Василий вернул улыбку:
— Ходят слухи, что этими этажерками заинтересовался наследник престола. Мало того, из заслуживающих доверия источников стало известно о высочайшем одобрении изысканий в этом направлении.
Куликовский не стал уточнять об источниках информации, но всерьёз и надолго задумался. Мысли легко читались на его лице: … интерес наследника престола… новое направление… внимание императора… шанс исправить ошибки молодости
— А вы знаете, Василий Иосифович, я ведь тоже много размышлял над этой темой, и нахожу аппараты тяжелее воздуха весьма перспективными. Вот вы, как непредвзятый и не ангажированный человек, в каком качестве меня бы там применили?
— Не знаю, — не совсем честно признался Василий. — Может быть, испытателем новой техники?

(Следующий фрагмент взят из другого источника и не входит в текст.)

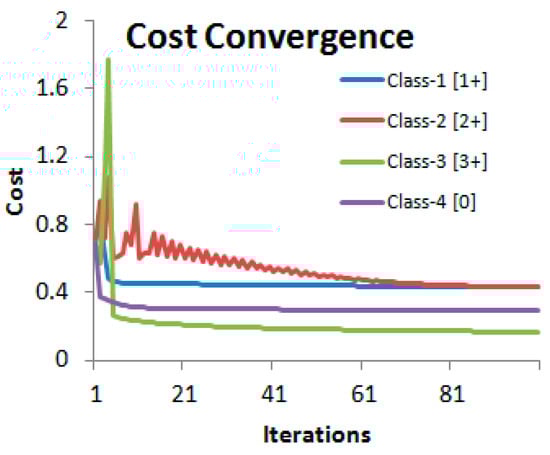 Convergence of the cost functions of the four-class logistic regression algorithm. Reproduced from [12] with permission.

Дело рискованное, но разве можно хоть чем-то испугать лейб-гвардии егерей? Никто кроме нас!
Куликовский горделиво приосанился и покосился на вешалку, где висел китель с белым эмалевым крестиком на колодке цвета огня и дыма:
— Вы правы, Василий Иосифович, риск есть наша профессия и призвание. Но я так понял, вы не только владеете информацией, но и…

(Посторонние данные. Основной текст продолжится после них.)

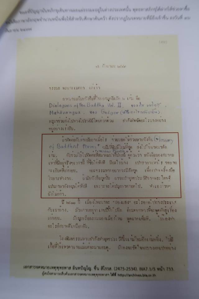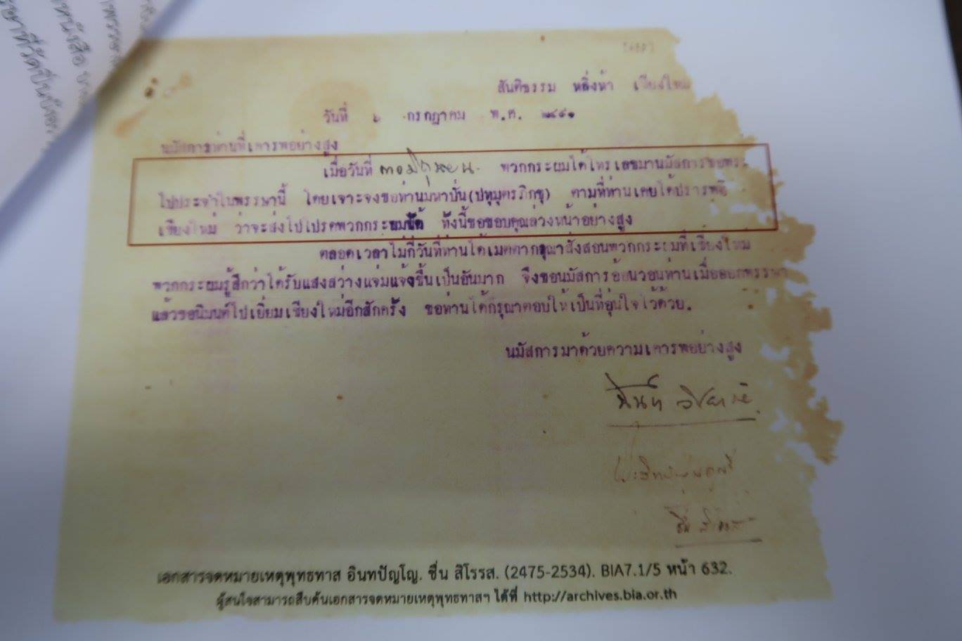 โดยมีรายละเอียดผ่านทั้งจดหมายและหลายบันทึก

Многозначительное и намекающее молчание после оборванного на полуслове вопроса. Естественно, Красный не собирался упускать возможность заполучить добровольца-испытателя на свой будущий завод.
— Разумеется, Апполинарий Григорьевич. Вы же получили приглашение на Первомайский бал в Гатчине? Вот там я и представлю вас нужным людям.
— На весенний императорский бал? — подпоручик задохнулся от переполнившего его счастья, но тут же погрустнел. — Нет, не получил.
— Значит, ещё получите. Государь император не может оставить без внимания героев только что закончившейся победоносной войны.
— Благодарность моей семьи не будет иметь границ, Василий Иосифович.
— Полно вам, Апполинарий Григорьевич, мы же боевые товарищи.
— Да! — согласился Куликовский. — И за это товарищество нужно непременно выпить коньяку. Не откажетесь позавтракать со мной, Василий Иосифович?
— Вообще-то время ужина.
— Давайте не будем придираться к мелочам.
Поезд прибыл в Петербург точно по расписанию, без помпезности и торжеств. В принципе, Вася и не ждал оркестра на перроне, но вот эта будничность слегка обидела.
— Поля, мы приехали.
Куликовский невнятно промычал и сел на диване, не открывая глаз:
— Куда приехали?
— В Санкт-Петербург.
— Зачем?
Красный вздохнул — перспектива тащить из вагона начинающего алкоголика его не радовала, но и бросить сослуживца в купе не позволяла совесть.
— За орденами и славой приехали!
Прозвучало фальшиво и пафосно, но эти слова произвели на подпоручика магическое воздействие. Открылись глаза, загоревшиеся уже привычным восторгом, он встал и начал собираться. Собственно, все сборы заключались в энергичном растирании слегка припухшего лица ладонями и надетой форменной курткой. А ботинки Апполинарий Григорьевич перед сном как-то позабыл снять.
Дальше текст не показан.